Мужчина, на котором она лежала, был страшен, лохматый, с длиннющей черной бородой, скрывающей половину лица, и пьян настолько, что ему не удавалось сфокусировать на ней хмурый взгляд. Но это не мешало ему хватко вцепиться в ее тело, и выдать странную пугающую улыбку. Пугающую тем, что она открыла ряд ровных и ухоженных зубов, ну ни как не вписывающихся в ужасную внешность. Неужели пары озера настолько ядовиты, что вызывают галлюцинации? Заметив, как мужчина на нее уставился, она вновь пришла в себя, заверещав:

— Отпусти! Ты делаешь мне больно!

— Софи, ты пришла ко мне, — не понимая, как, он резко перевернул ее, оказавшись сверху, придавливая своим немалым весом, заставляя ее заскулить от боли. — Софи… я так долго тебя ждал, — и, не давая ей опомниться, накинулся на ее губы.

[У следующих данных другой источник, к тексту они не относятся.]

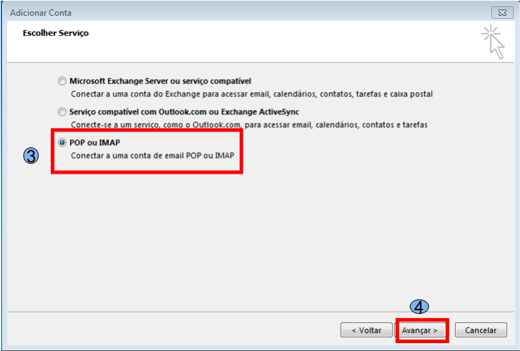 Na tela abaixo marque a opção POP ou IMAP (3) e depois clique em Avançar (4).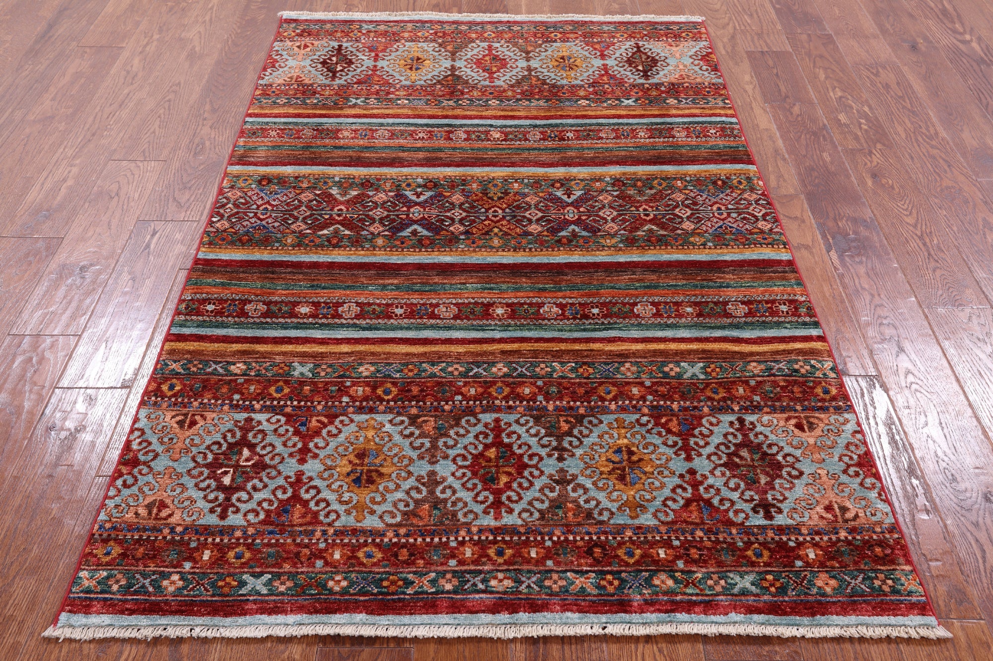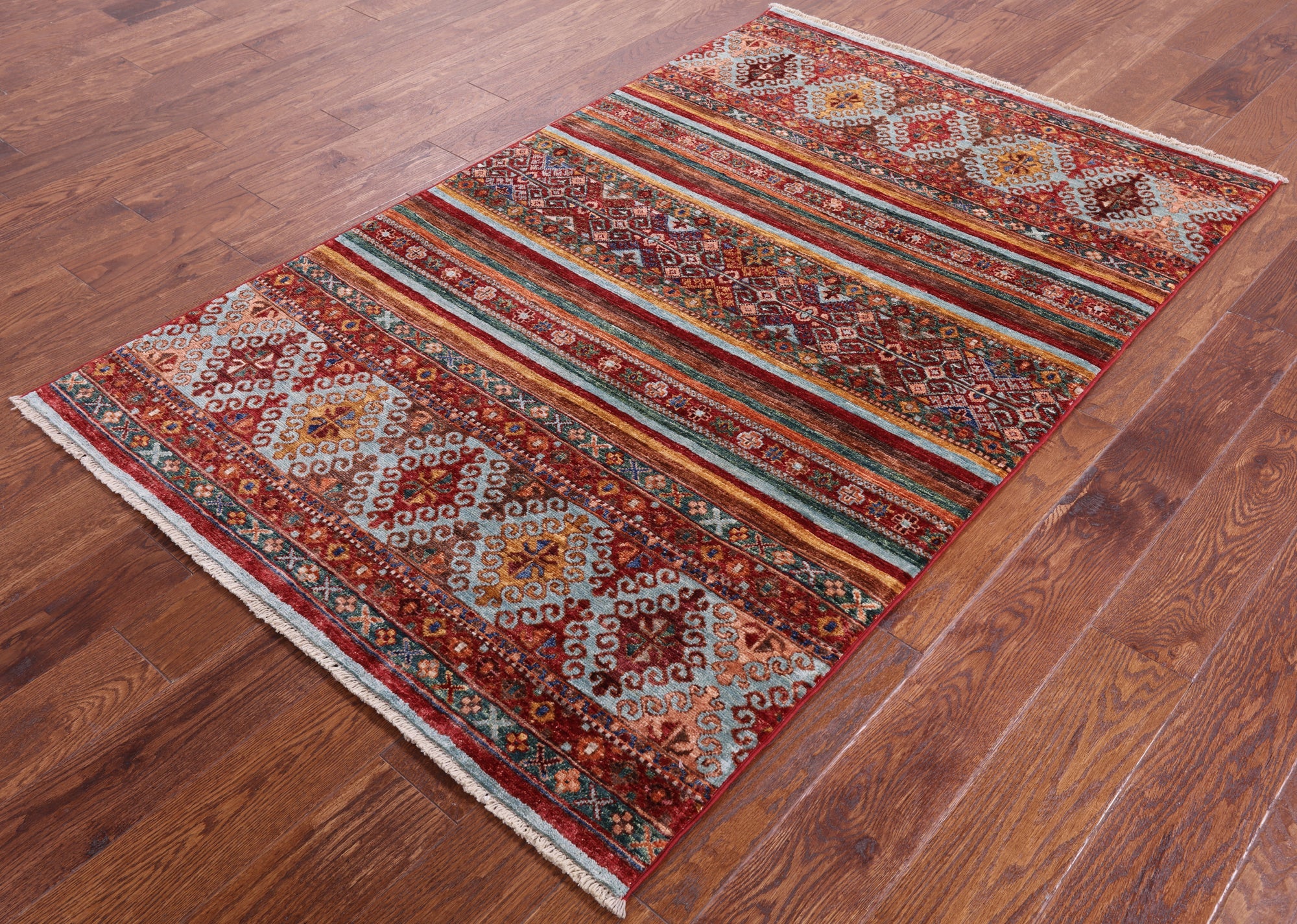 3' 10" X 6' 1" Handmade Khorjin Super Kazak Wool Rug - Q5243 is backordered and will ship as soon as it is back in stock.

Эва обмерла на месте. Страх парализовал. Поцелуй, первый в ее жизни, случился, и с кем? С вонючим неандертальцем, который упорно совал свой язык ей в рот, выдавая дикие звуки удовольствия? Эванжелине отчаянно захотелось блевануть. Она уперла руку в широченную грудь и попыталась отвернуться, но ее голова оказалась в плену чужих ладоней, которые не давали двинуться. Похоже, что человека-медведя вообще не волновало, что она отчаянно пыталась вырваться. Он целовал ее с такой дикой страстью, как будто она была видением и вот-вот должна испариться. Заглатывал, кусал ее губы, пытался сплести языки.

— Со-фи-й-ка, моя малышка… — осипло прошептал человек-медведь.

— Отпусти меня, грязное животное! Дьявольское отродье! Выродок шакала!

Но мужик, похоже, от похоти потерял рассудок, его поцелуи стали спускаться по шее ниже, оголяя ее плечи и собираясь добраться до груди.

Вот теперь Эва не на шутку испугалась, понимая, что еще чуть-чуть, и ее изнасилует невменяемый мужлан, она стала шарить здоровой рукой возле себя.

О чудо, бутылка, которая была при нем, когда она на него налетела, оказалась рядом. Посильней сжав горлышко, она со всей дури врезала по его лохматой голове.

— Сдохни, тварь!

Эва думала, что бутылка разобьётся, но стекло было на удивление прочным, в отличие от его головы. Мужик резко отклонился, в полутьме моргая стеклянными глазами, как будто пытаясь что-то осмыслить, а после завалился на Эву замертво. Вырывая у той болезненный вскрик и заставляя отправиться в глубокую тьму.